The port of Rotterdam will offer a port fee reduction for container ships that fuel with sustainable marine fuels as part of the launched Zero Emission Maritime Buyers Alliance (ZEMBA) initiative. But the port fee discount would amount to less than 0.1pc of the increased low-carbon bunker bill.
Rotterdam’s port fee discount could cost the port up to €500,000 ($527,200) in total. To qualify, a ship has to bunker alternative fuels in Rotterdam with at least 90pc reduction in greenhouse gases, such as green methanol or green ammonia. Rotterdam has also determined that discount would not apply to bio-blended fuel oil, marine gas oil, or marine diesel oil, “as that market is already mature in Rotterdam”.
ZEMBA, a retailer coalition, issued a request for proposals in September seeking bids from container ship companies willing to use marine fuels with 90pc less greenhouse gas emissions than conventional fossil fuels on a well-to-wake basis. ZEMBA is looking to move at least 600,000 twentyfoot-equivalent units (TEU) over a three-year period, which amounts to about 280,000t of marine fuel.
In northwest Europe, bio-methanol was pegged at $2,384/t very low-sulphur fuel oil (VLSFO)-equivalent, or 3.9 times the price of VLSFO at an average $610/t in September, Argus data showed.
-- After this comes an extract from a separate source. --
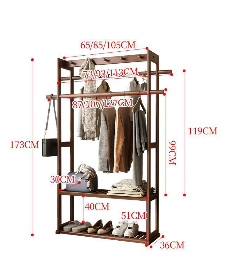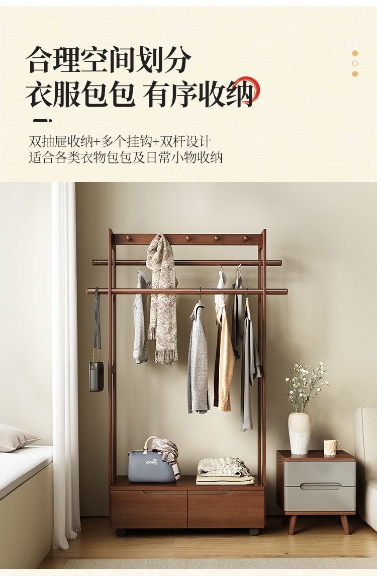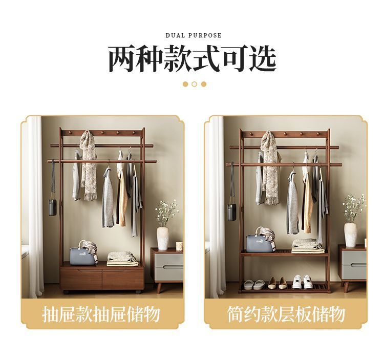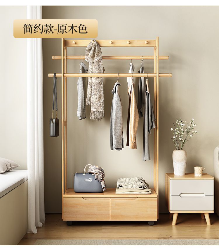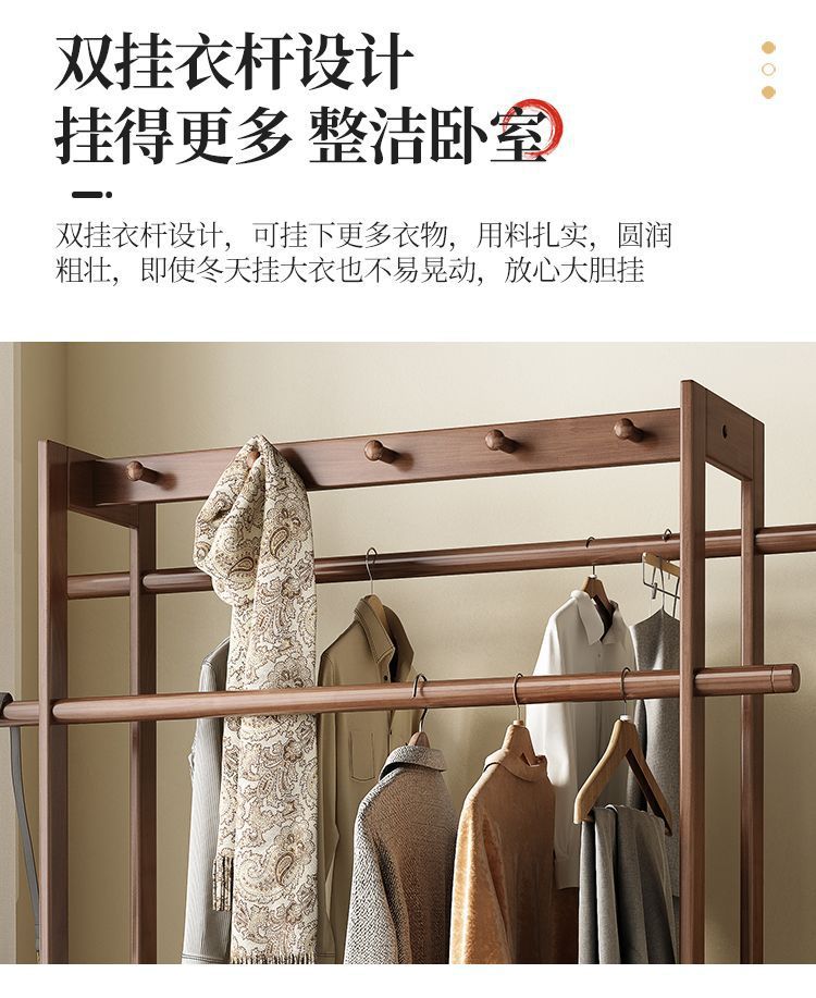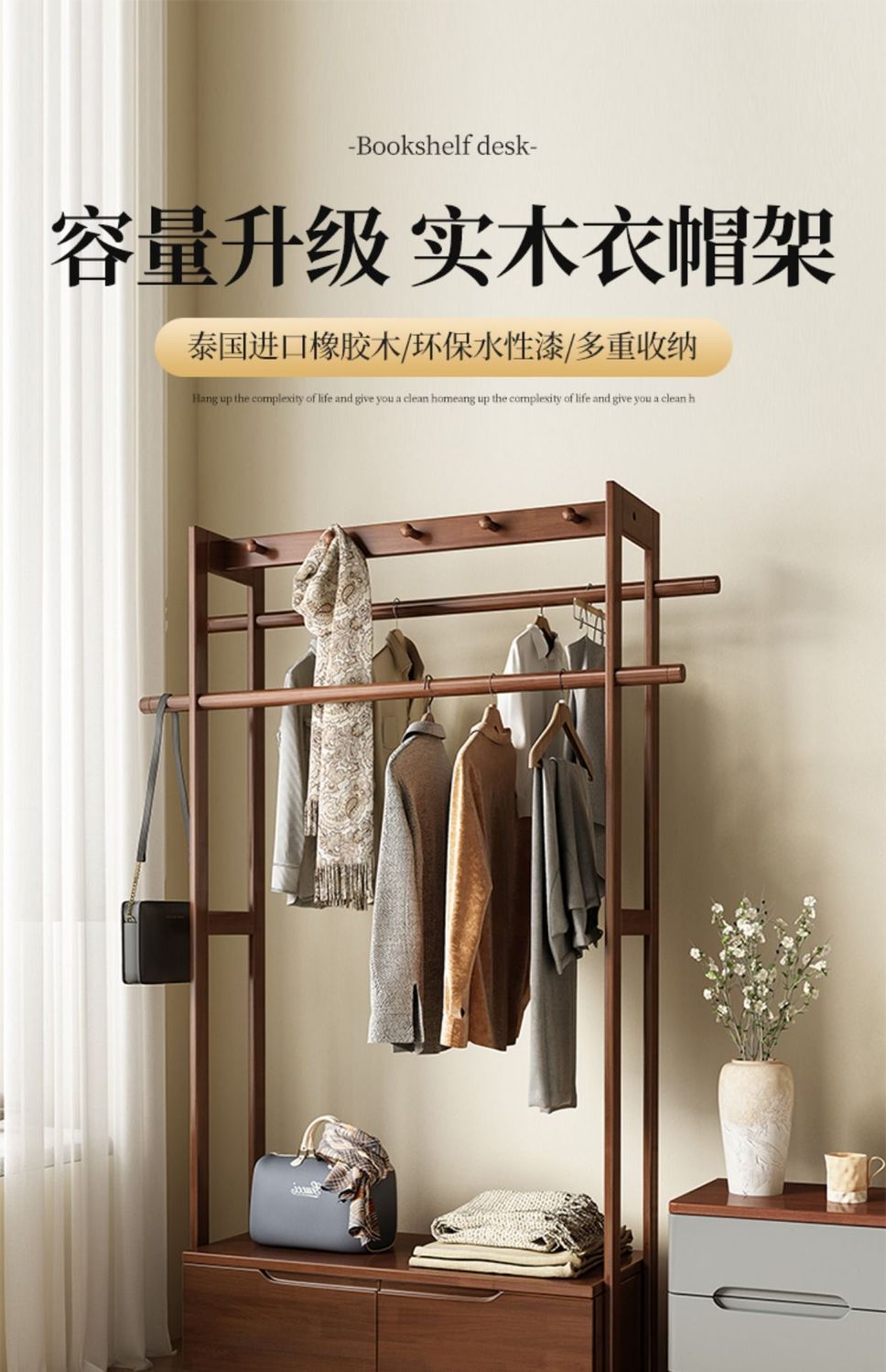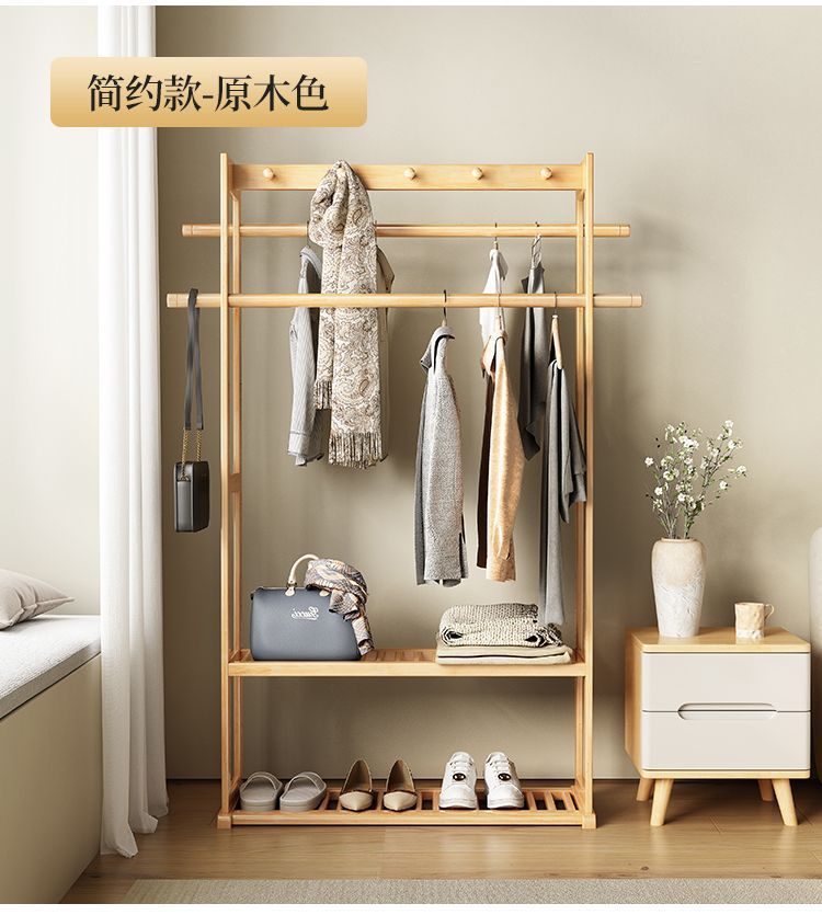 商品名称: 实木衣帽架落地挂衣架衣服架子收纳置物架

Green ammonia was pegged at $2,655/t VLSFO-equivalent, or 4.4 times, and hydrogen at $2,492/t VLSFO-equivalent, or 4.1 times the price of VLSFO for the same period. At the September price snapshot, 280,000t of VLSFO would have cost $170.67mn compared with about $667.56mn for biomethanol, $743.43mn for ammonia and $697.48mn for hydrogen.